◆ What the task requires:
The answer is to be the data that follows, transcribed exactly, minus its pictures.

◆ Recorded information:
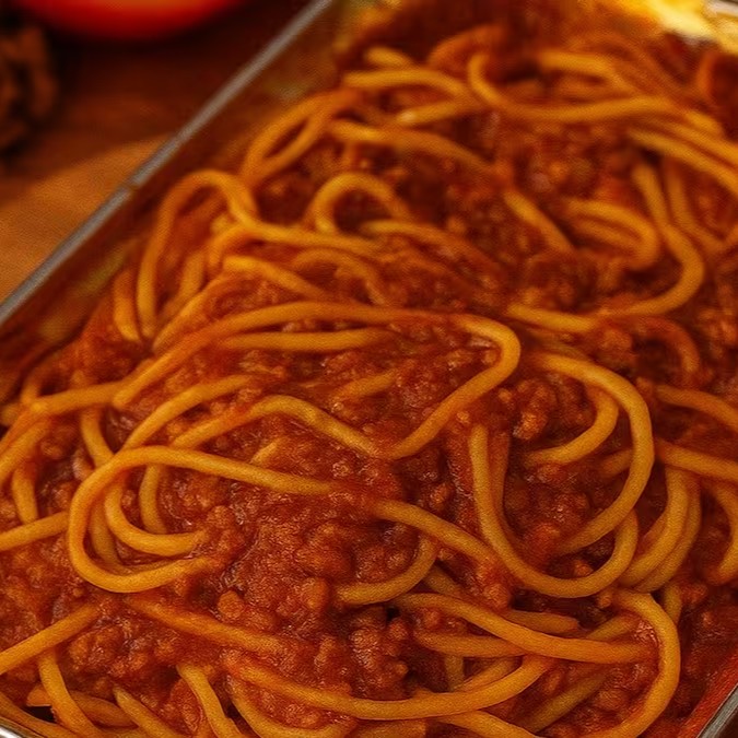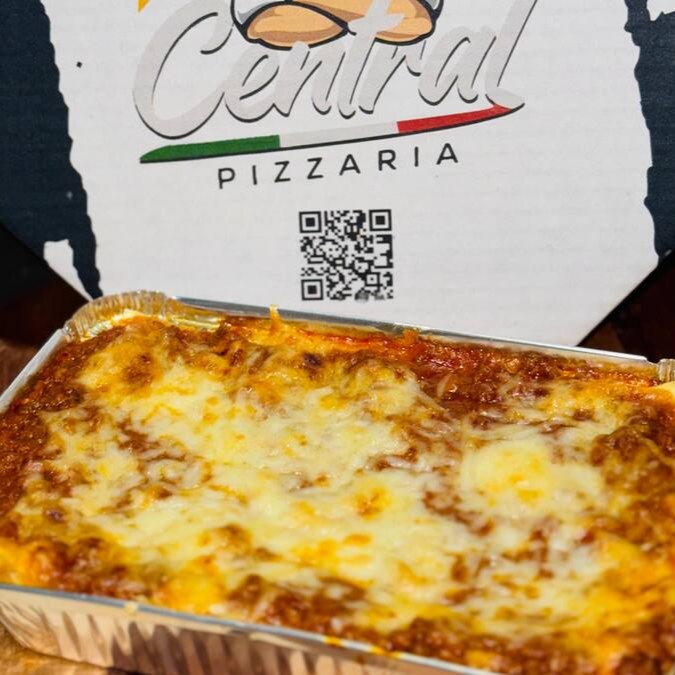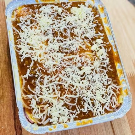 Massa macia intercalada de mussarela, presunto e molho à bolonhesa feito na casa.
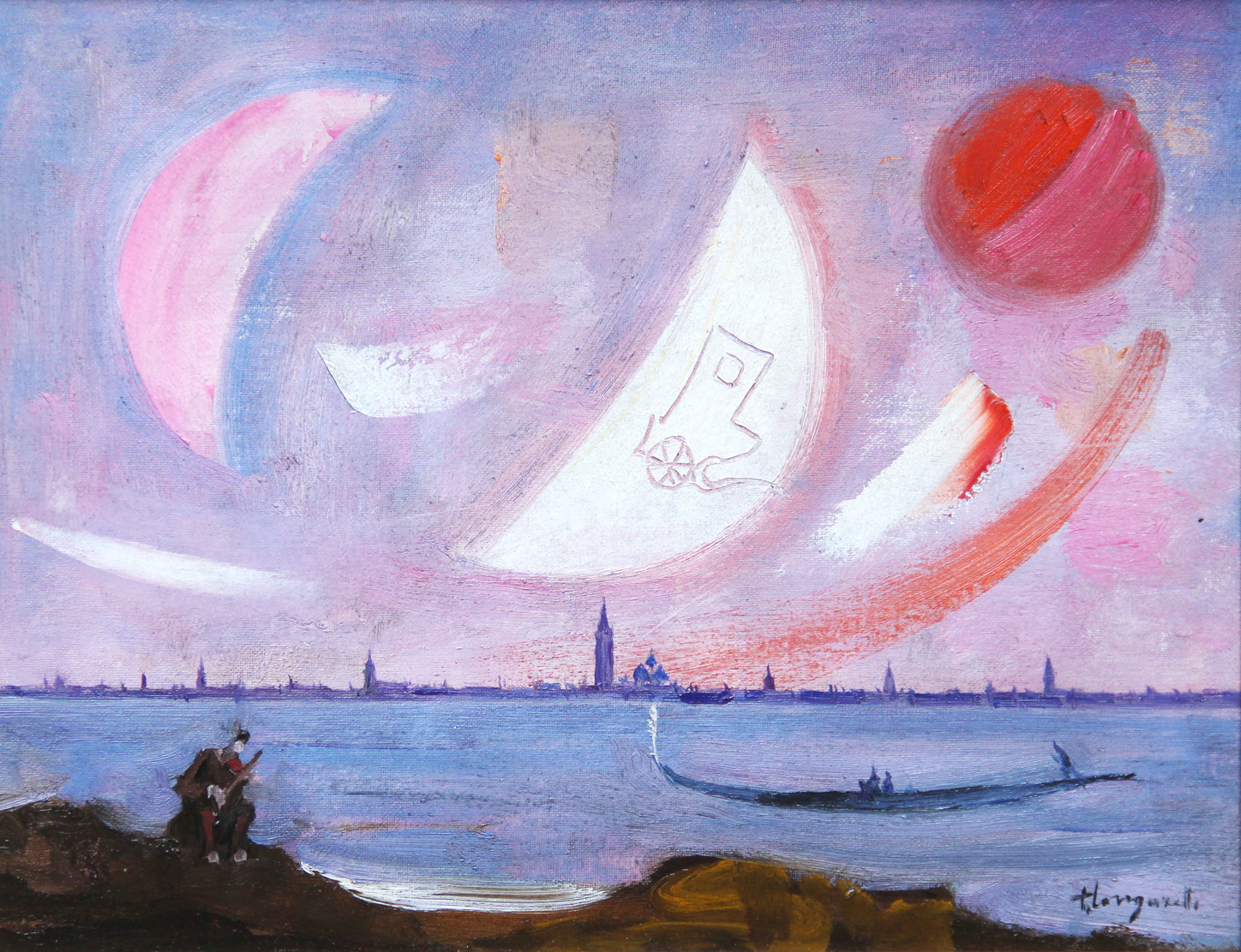 LONGARETTI Trento, La grande luna bianca a Venezia 1985 olio su tela cm. 30 x 40, . Autentica dell'artista su fotografia in data 15/01/2001. Firma "T. Longaretti" (in basso a destra)
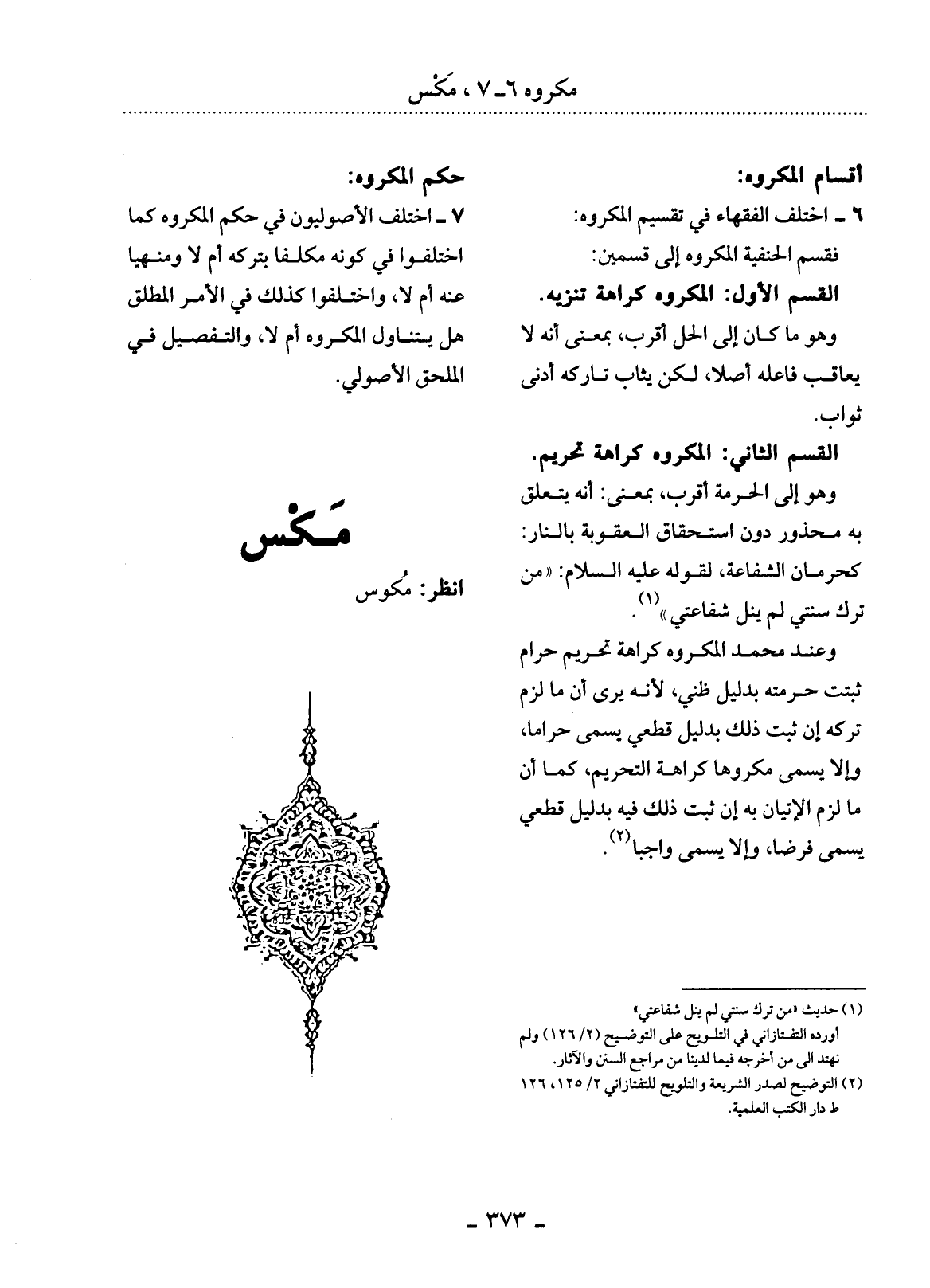 (2) التوضيح لصدر الشريعة والتلويح للتفتازاني 2 / 125، 126 ط دار الكتب العلمية.

◆ Solution for this exercise:
 Massa macia intercalada de mussarela, presunto e molho à bolonhesa feito na casa.
 LONGARETTI Trento, La grande luna bianca a Venezia 1985 olio su tela cm. 30 x 40, . Autentica dell'artista su fotografia in data 15/01/2001. Firma "T. Longaretti" (in basso a destra)
 (2) التوضيح لصدر الشريعة والتلويح للتفتازاني 2 / 125، 126 ط دار الكتب العلمية.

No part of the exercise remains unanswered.